= Repent Amarillo =

American Christian activist group

Repent Amarillo, also known as "God and Country" or "Last Front Evangelist", is a small Amarillo, Texas-based group which advocated for the spiritual mapping and targeting of specific local areas and venues in order to exorcise demons from those areas. Because of the group's alleged tactics and targeting of perceivably-vulnerable minorities, the group has gained infamy from many critics who label the organization as a "hate group" or a "Christian" analogy for the Lebanese militant group Hezbollah (lit. 'Party of God').

The group was led by former Department of Energy security guard David Grisham.

==Activities==
Among the number of notable actions and campaigns taken by the group include protests against supposed swingers, LGBT people, abortion clinics, Muslims, Buddhists, Wiccans, Episcopalians, Methodists, Greek Orthodox, Roman Catholics, and a myriad of other groups.

===Boycott against Houston, Texas===
In January 2010, the group launched a boycott campaign against the city of Houston, Texas, due to the election of openly gay mayor Annise Parker and the construction of an abortion clinic in the city.

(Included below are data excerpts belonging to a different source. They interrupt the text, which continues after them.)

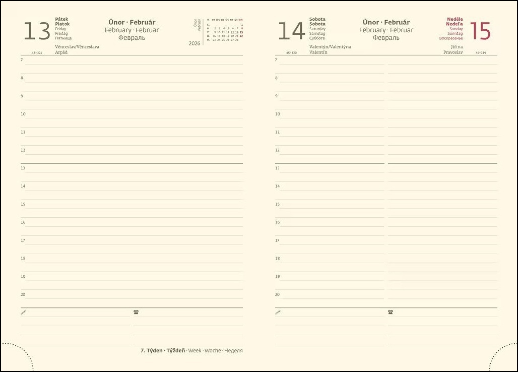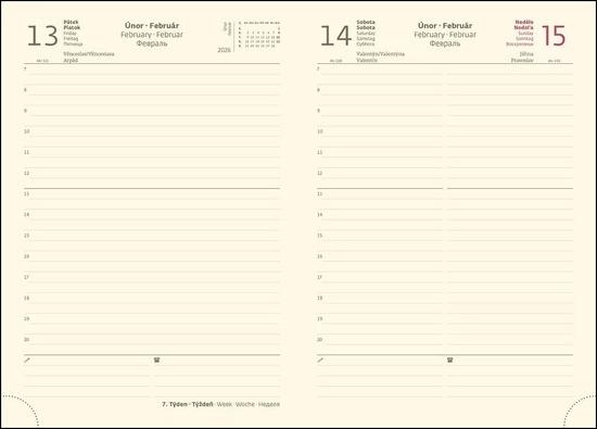 Formát diáře: 145 x 205 mm </br> Rozsah diáře: 352 stran </br> Kalendárium: denní </br> + poutko na tužku </br> + papír bloku chamois
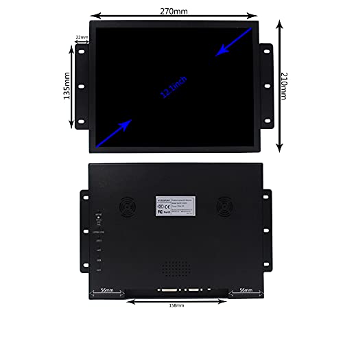 VSDISPLAY Monitor industriale TFT, 12,1 pollici VS121ZJ01 800x600 4:3 Schermo LCD 700 NIT con input video HDMI VGA DVI, Guscio metallico, Dual Speaker
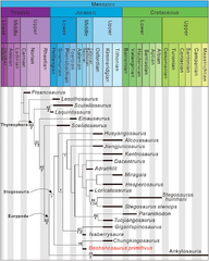 Kladogram z Dai i in., 2022. Dai, H., Li, N., Maidment, S.C.R., Wei, G., Zhou, Y., Hu, X., Ma, Q., Wang, X., Hu, H. & Peng, G. (2022). "New stegosaurs from the Middle Jurassic Lower Member of the Shaximiao Formation of Chongqing, China". Journal of Vertebrate Paleontology, 41:5, e1995737. doi:10.1080/02724634.2021.1995737
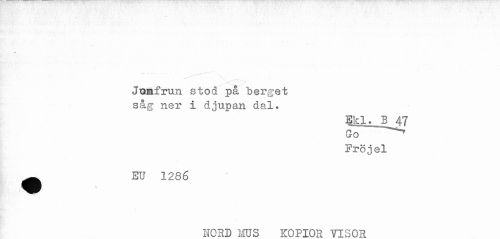 //// ' ' ' //// Jomfrun stod på berget //// såg ner i djupan dal. //// Ekl. B47 //// Go //// Fröjel //// ^ EU 1286 //// imRB WTTS IfdPTOP VTf^nP ////
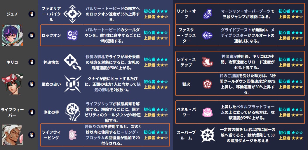 自分のスキルレベルに合わせて、最適なパークを選択する際の指針として活用してください。
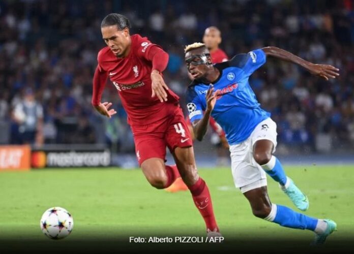 Aos 16, o Napoli teve outro pênalti a seu favor, desta vez por pisão de Van Dijk em Oshimen. O próprio atacante foi para a cobrança, mas Alisson defendeu em seu lado direito, a meia altura.
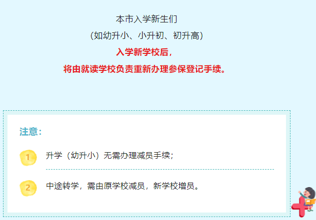 如果孩子是幼升小,升学时无需办理减员手续,由新学校重新办理参保手续即可;
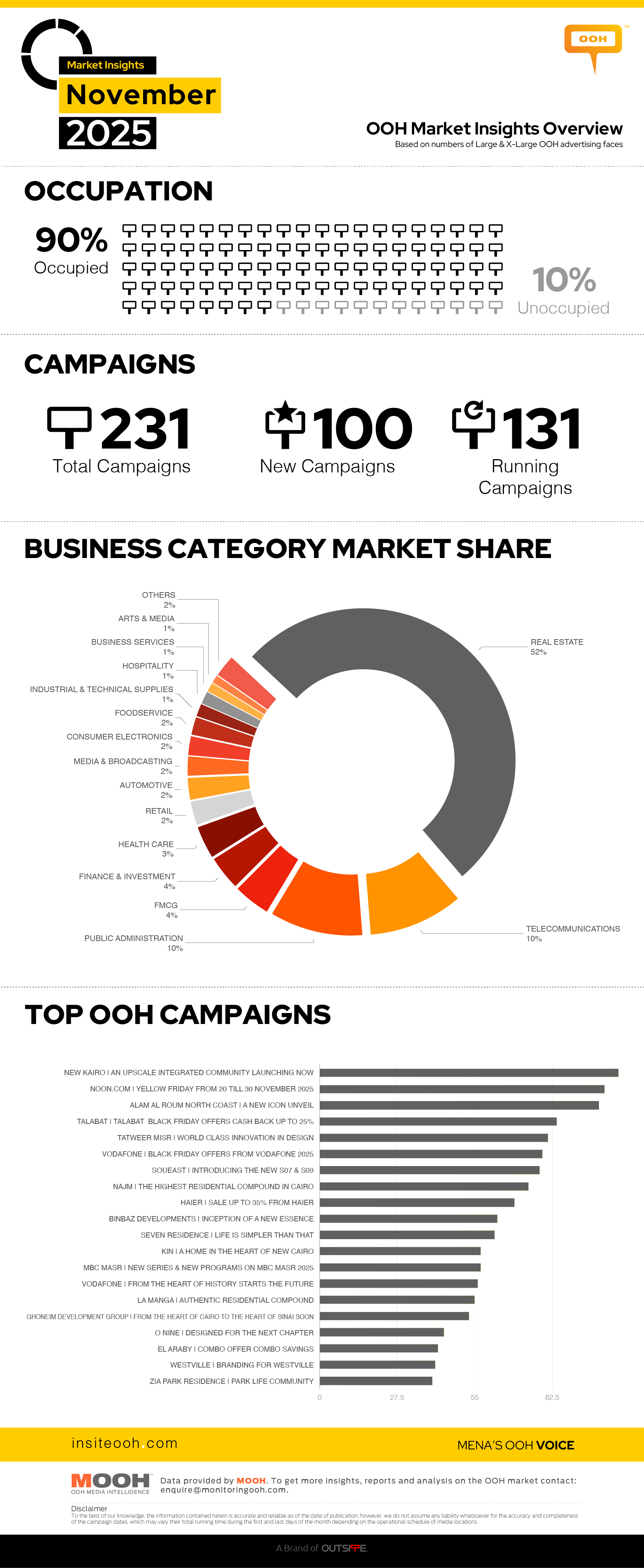 November 2025 recorded an overall occupancy rate of 90.1%, marking a clear improvement compared to November 2024. Out of 22,760 monitored faces across Greater Cairo, 20,500 were actively occupied, demonstrating stronger utilization and heightened advertiser engagement. During the month, a total of 214 campaigns were active, including 92 new launches alongside a robust base of ongoing activity, reflecting sustained confidence in OOH as a high-visibility, results-driven channel.

==Theological controversy==
The group is a source of debate within Christian circles whom disagree with or reject the doctrine of spiritual mapping and territorial spirits, among other doctrinal issues.

==Amarillo Citizens against Repent Amarillo==

Amarillo Citizens against Repent Amarillo, also known by the acronym ACARA, is the counter-movement to Repent Amarillo. They are protesters made up of Christians, Muslims, Jews, Buddhists and atheists who gathered at Sam Houston Park in order to challenge Grisham's plan to burn the Quran on a grill (the book had been doused with kerosene). While Grisham was arguing with a group of women that placed their hands on the grill asking if he would burn them too, it was when Grisham lit his lighter anyway that a 23-year-old named Jacob Isom snuck up from behind him, grabbed the Quran from Grisham's hands, and ran off after saying, "Dude, you have no Quran"; afterwards, Isom handed the book to a religious leader from the Islamic Center of Amarillo. Isom was presented with a "Medal of Reasonableness" at the Rally to Restore Sanity and/or Fear for his action. He immediately threw the medal into the crowd.

Of notable mention is the wide range of classes ACARA has within its ranks. Two well-known members ran for Mayor of Amarillo, contesting Grisham every step of the way. Cory "Grady" Traves is the head of ACARA's Peace Keepers detail, responsible for keeping the peace at the David Grisham for Mayor Rally.

== Westgate Mall incident ==
In December 2016, Grisham accosted a group of children and their parents who were waiting to see Santa Claus at Westgate Mall.